**Exercise**. Each line in the material below, starting at the one that contains "From the NY" and ending at the one that contains "The thyroid gland", should be repeated exactly; the pictures should not.

**Records shown**.
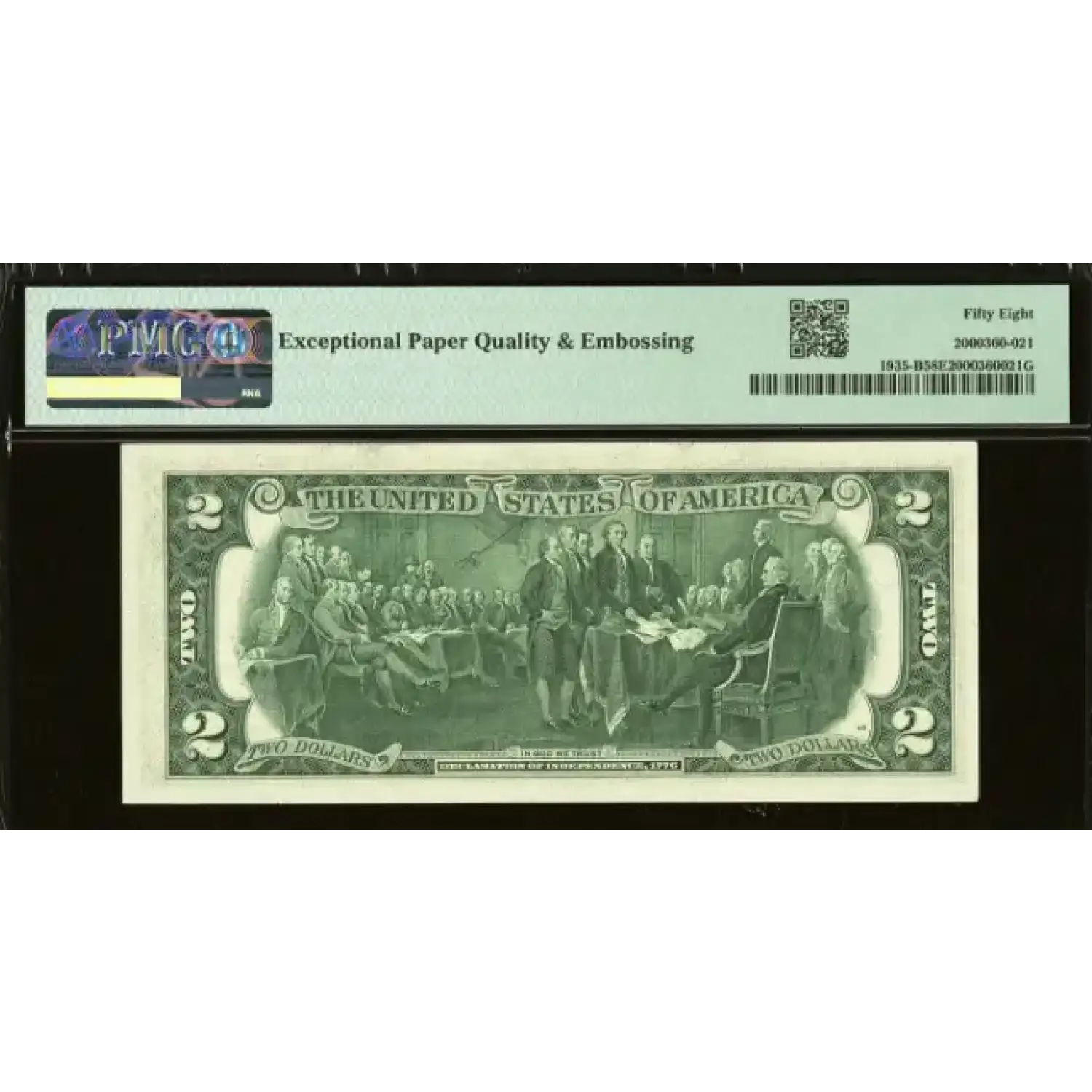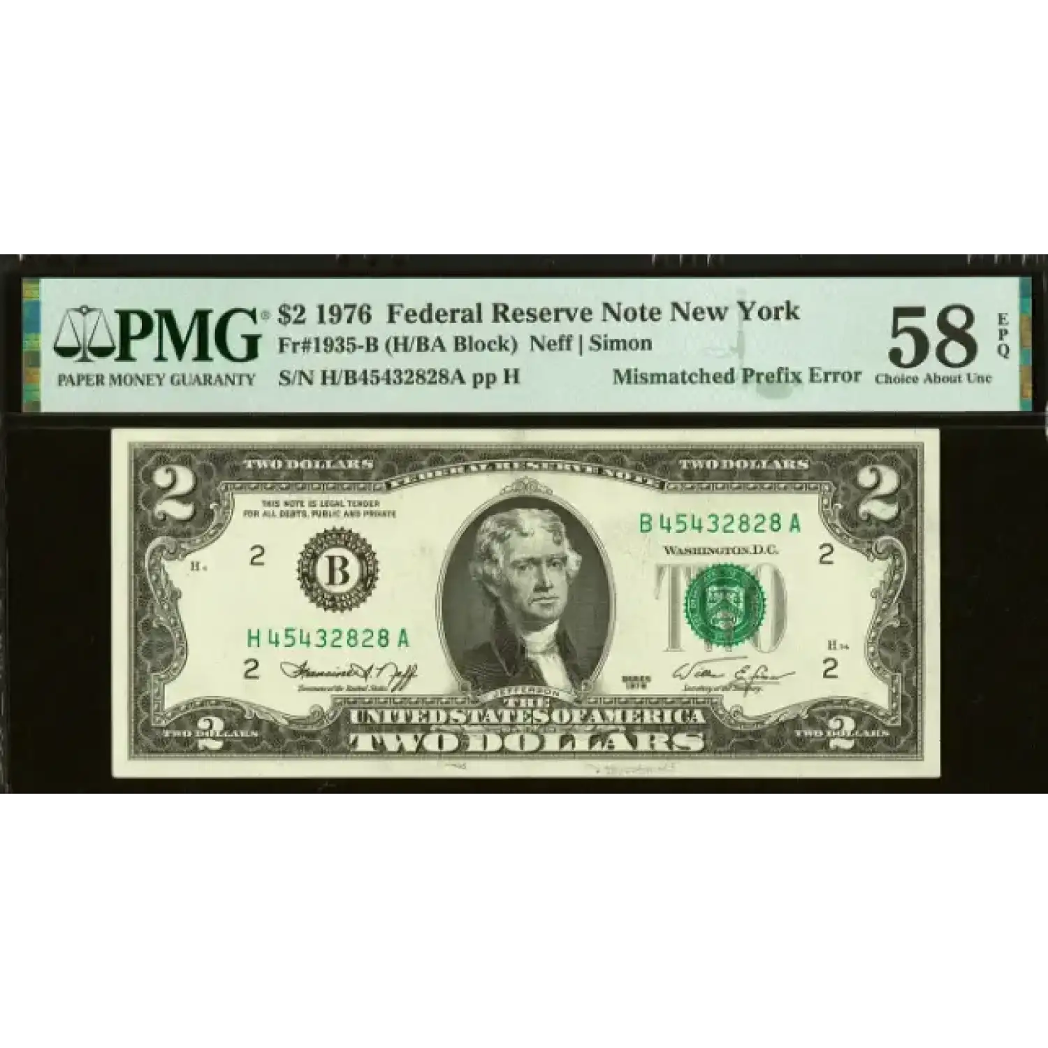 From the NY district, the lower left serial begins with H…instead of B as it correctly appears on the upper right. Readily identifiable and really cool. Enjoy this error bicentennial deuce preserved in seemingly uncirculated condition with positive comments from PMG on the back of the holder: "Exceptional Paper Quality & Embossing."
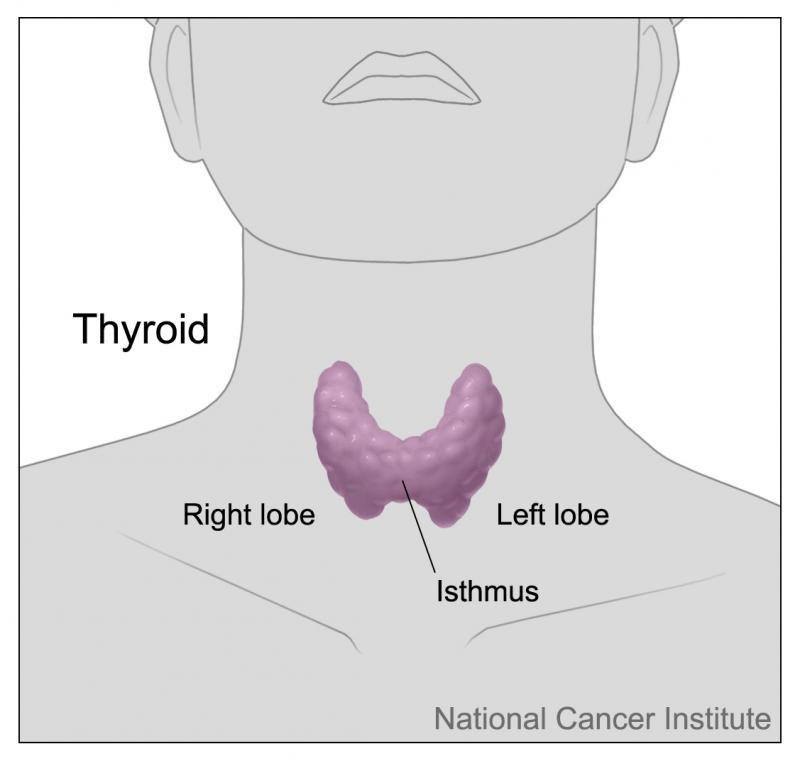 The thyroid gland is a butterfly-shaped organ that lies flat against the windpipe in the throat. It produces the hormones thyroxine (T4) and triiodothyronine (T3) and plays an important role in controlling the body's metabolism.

--

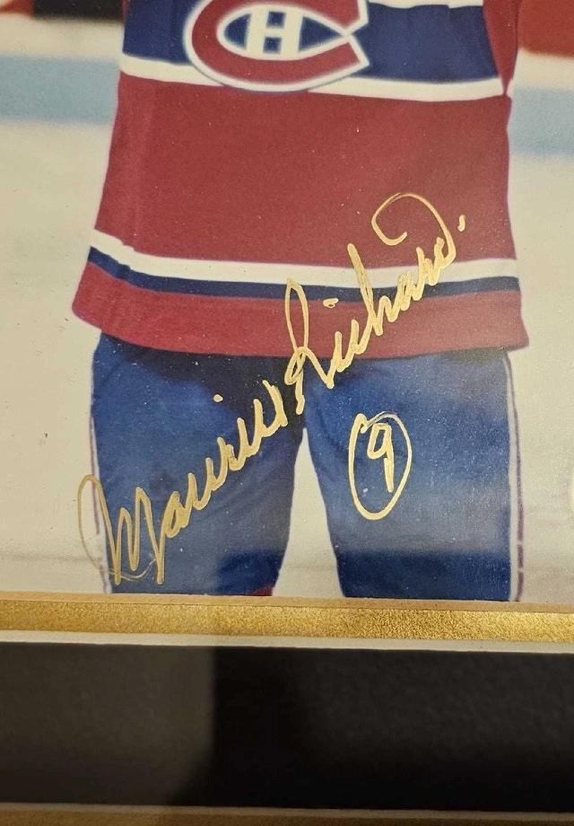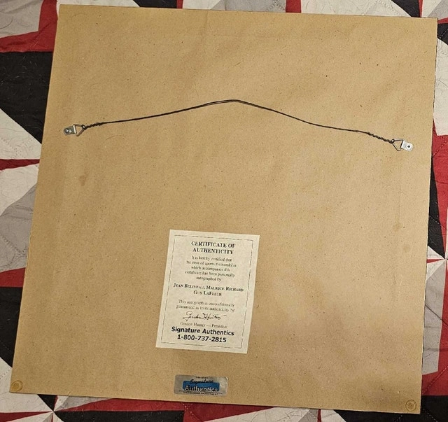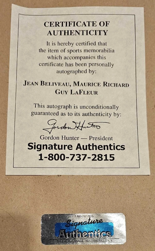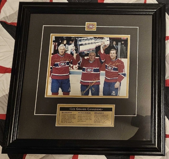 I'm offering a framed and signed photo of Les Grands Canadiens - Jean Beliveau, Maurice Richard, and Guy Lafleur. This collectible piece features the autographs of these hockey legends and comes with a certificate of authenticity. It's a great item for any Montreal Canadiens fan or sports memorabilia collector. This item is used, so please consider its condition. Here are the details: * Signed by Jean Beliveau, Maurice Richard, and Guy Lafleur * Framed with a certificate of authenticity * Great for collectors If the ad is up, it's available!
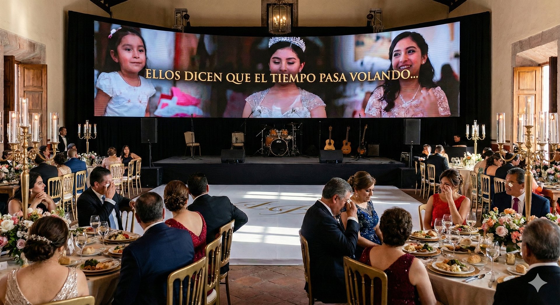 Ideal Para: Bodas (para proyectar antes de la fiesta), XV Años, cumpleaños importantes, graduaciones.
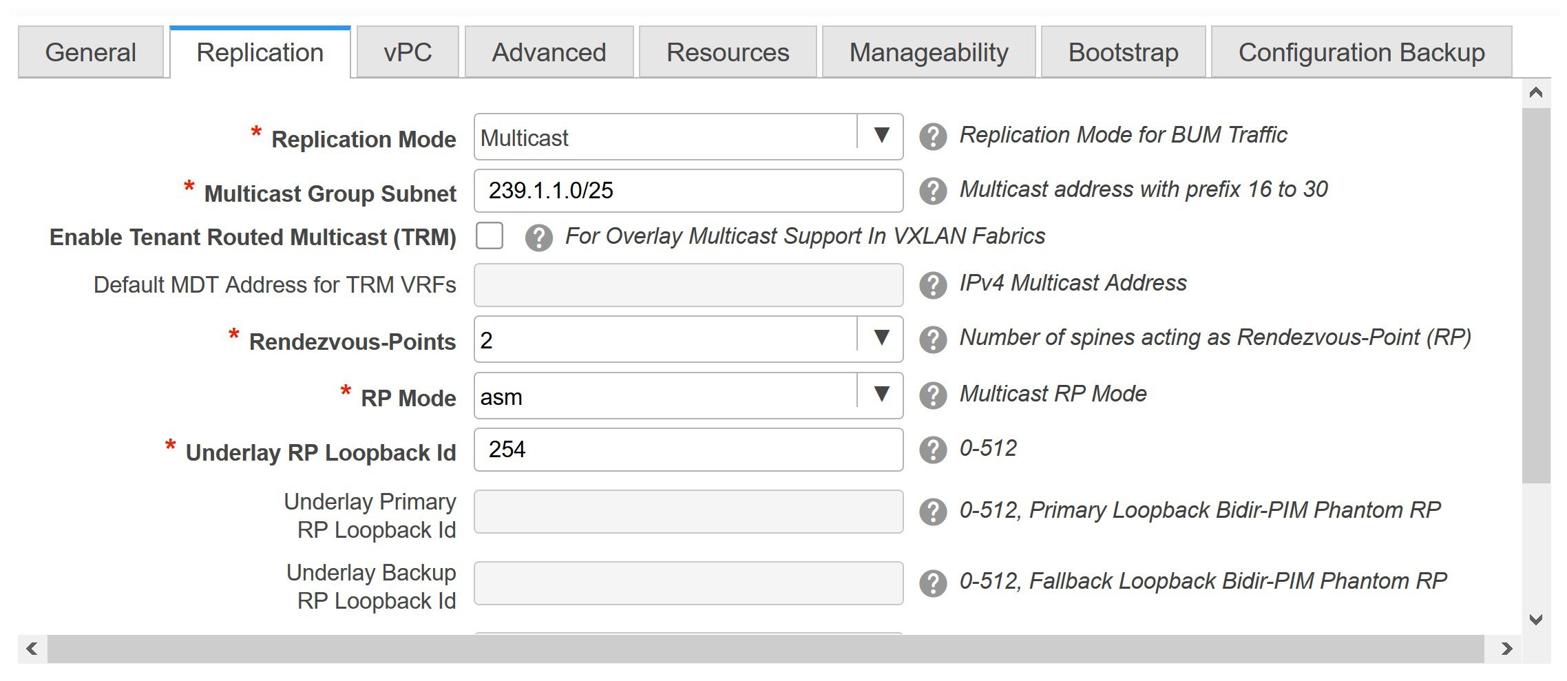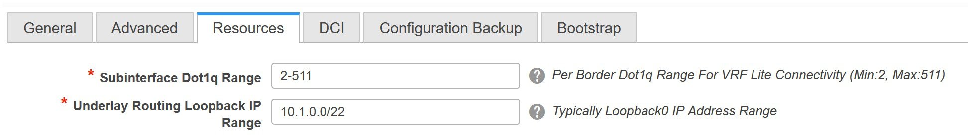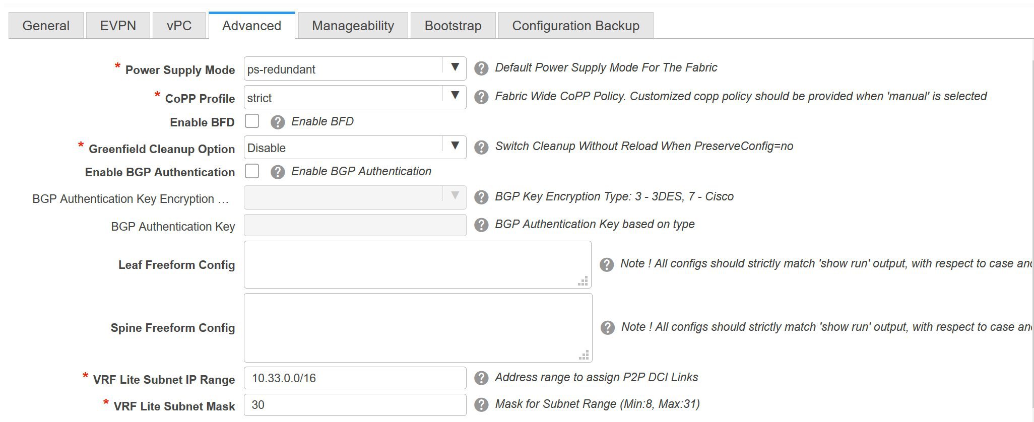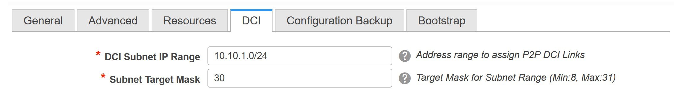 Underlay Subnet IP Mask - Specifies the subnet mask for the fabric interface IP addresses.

**Reply**.
 From the NY district, the lower left serial begins with H…instead of B as it correctly appears on the upper right. Readily identifiable and really cool. Enjoy this error bicentennial deuce preserved in seemingly uncirculated condition with positive comments from PMG on the back of the holder: "Exceptional Paper Quality & Embossing."
 The thyroid gland is a butterfly-shaped organ that lies flat against the windpipe in the throat. It produces the hormones thyroxine (T4) and triiodothyronine (T3) and plays an important role in controlling the body's metabolism.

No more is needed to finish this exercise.